Four rules. That is the entire transform function for plain text. You could implement this in an afternoon.

The trap is that these four rules need to be provably correct for any sequence of concurrent operations, not just pairs. And that is where things get ugly.

Why OT Needs a Central Server

In a peer-to-peer system, operations can arrive in any order at any node. Client A sends an insert to clients B and C. Client B transforms it and sends the result to client C. Client C also received the original from A and transforms it independently. Now client C has two versions of the transformed operation and needs to reconcile them.

This is the TP2 (Transformation Property 2) problem. TP1 says: transforming and applying two concurrent ops in either order gives the same result. TP2 extends this to three or more concurrent ops, requiring that transformation is consistent regardless of which intermediate path you take through the transformation graph.

TP2 is brutally hard to satisfy. Multiple published OT algorithms that were "proven correct" were later found to violate TP2 in edge cases. The dOPT algorithm, one of the earliest, had a known bug. The adOPTed algorithm fixed it but introduced another. The GOT and GOTO algorithms attempted general solutions but added significant complexity.
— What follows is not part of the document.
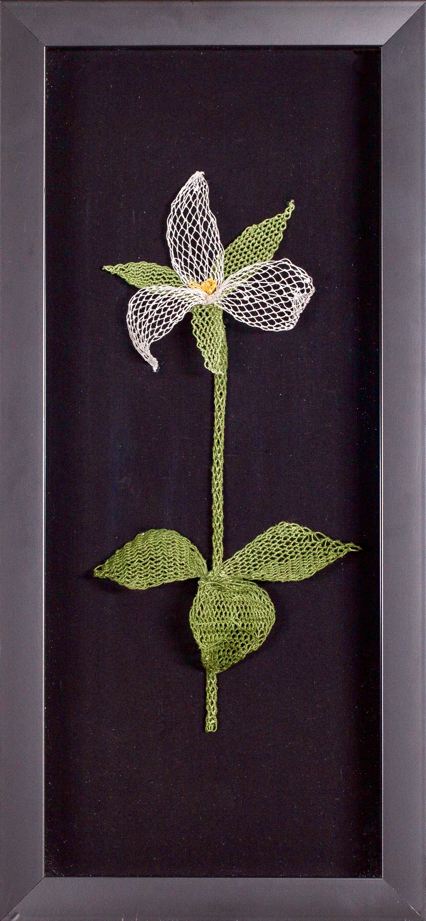 Traditional knotted netting is the technique used to make this 3-D net. Each piece is net over a toothpick with an antique needle. Then stiffened & shaped, mounted on black fabric & displayed in shadowbox frame.

Google sidestepped the entire problem. The Jupiter protocol avoids TP2 by using a central server as the single ordering authority. Every operation goes through the server. The server applies operations in a single canonical order. Clients never need to reconcile operations that took different transformation paths because there is only one path: through the server.

This is the key architectural constraint of OT. You need a server (or some equivalent total ordering mechanism). Take the server away and you are fighting a correctness problem that has defeated some very smart researchers.

The Jupiter Protocol

Google's approach, used in Google Docs, is elegant in its simplicity.

Each client maintains a local copy of the document and a revision number. When you type something, the client applies it immediately to your local copy (so you see zero latency) and sends the operation to the server tagged with the revision number you were at when you made the edit.

The server maintains the canonical document and a log of all operations in order. When it receives your operation, it transforms it against every operation that happened between your revision and the current revision. Then it applies the transformed operation and broadcasts it to all other clients.

Other clients receive the server's broadcast and transform it against any local operations they have made but the server has not yet acknowledged. This is the "client prediction" part. You keep typing while waiting for the server, and reconcile when the server responds.

The result: every user sees their own edits instantly. Server round-trip latency only affects seeing other people's edits. The server guarantees a single canonical history, so convergence is straightforward.

The downside is obvious. If the server is down, nobody can collaborate. If the server is slow, other people's edits lag. If you want offline editing, you need a separate mechanism to queue operations and replay them when connectivity returns. Google Docs handles short disconnections with operation buffering, but extended offline editing is not its strong suit.

Correctness: Why It Matters

The history of OT is littered with algorithms that looked correct but were not.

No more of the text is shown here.